The correction content learning device according to claim 1, wherein the feature data includes a part in the human body and a correction amount corresponding to the part.

The correction content learning device according to claim 2, wherein the correction amount is an angle at the site.

The correction content learning device according to claim 3, wherein the angle at the portion is an angle formed by a portion connected to the portion in a predetermined state.

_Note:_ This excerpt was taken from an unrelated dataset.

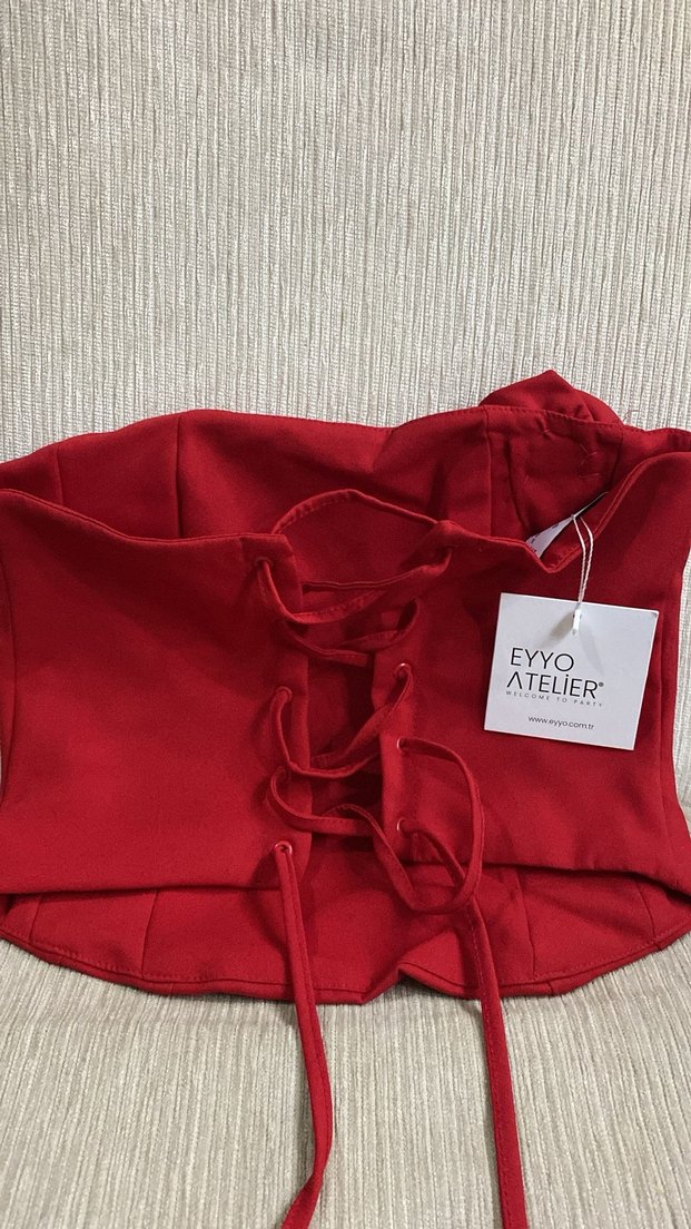 Kırmızı, bağcıklı, ince askılı ve fırfırlı mini bustiyer. Sentetik kumaştan, baskılı ve dar kesim. Marka: EYYO ATELIER. ❤️

The correction content learning device according to claim 3, wherein the angle at the site is an angle formed at different time points by the connecting sites that are connected to the site.

Video data input means for inputting video data of a moving human body,
A feature data acquisition means for acquiring feature data expressing motion features from the input video data as user feature data, and
A modeler feature data storage means that stores the feature data of the modeler as modeler feature data,
It has a feature data comparison means for comparing the user feature data with the model feature data, a neural network configuration having an input layer, a plurality of intermediate layers, and an output layer, and the input layer is the feature data comparison means. The output layer is provided with a means for capturing the comparison result, the output layer is provided with a number of neurons corresponding to the comparison result, and the correction amount calculation means for outputting the correction amount in the output layer is provided.
The correction content transmission means for transmitting the correction content to the operating user according to the output correction amount, and the correction content transmission means.
A motion correction device.

Computer,
Feature data acquisition means that acquires feature data that expresses the characteristics of operation as user feature data from video data,
Modeler feature data storage means that stores the feature data of the model as model feature data,
Teacher data storage that stores the feature data indicating the content to be corrected with respect to the feature data comparison means for comparing the user feature data with the model feature data and the comparison result by the feature data comparison means as teacher data. means,
It has a neural network configuration having an input layer, a plurality of intermediate layers, and an output layer, the input layer includes means for capturing the comparison result of the feature data comparison means, and the output layer is a number corresponding to the comparison result. A program for providing a neuron of the above and functioning as a learning means for changing a coefficient between neurons between layers so as to change the value of the neuron corresponding to the teacher data in the output layer.

Computer,
Feature data acquisition means that acquires feature data that expresses the characteristics of operation as user feature data from video data,
Modeler feature data storage means that stores the feature data of the model as model feature data,
A feature data comparison means for comparing the user feature data with the model feature data,
It has a neural network configuration having an input layer, a plurality of intermediate layers, and an output layer, the input layer includes means for capturing the comparison result of the feature data comparison means, and the output layer is a number corresponding to the comparison result. A correction amount calculation means, which is equipped with the above-mentioned neurons and outputs a correction amount in the output layer.
A program for functioning as a correction content transmission means for transmitting correction content to a user in operation according to the output correction amount.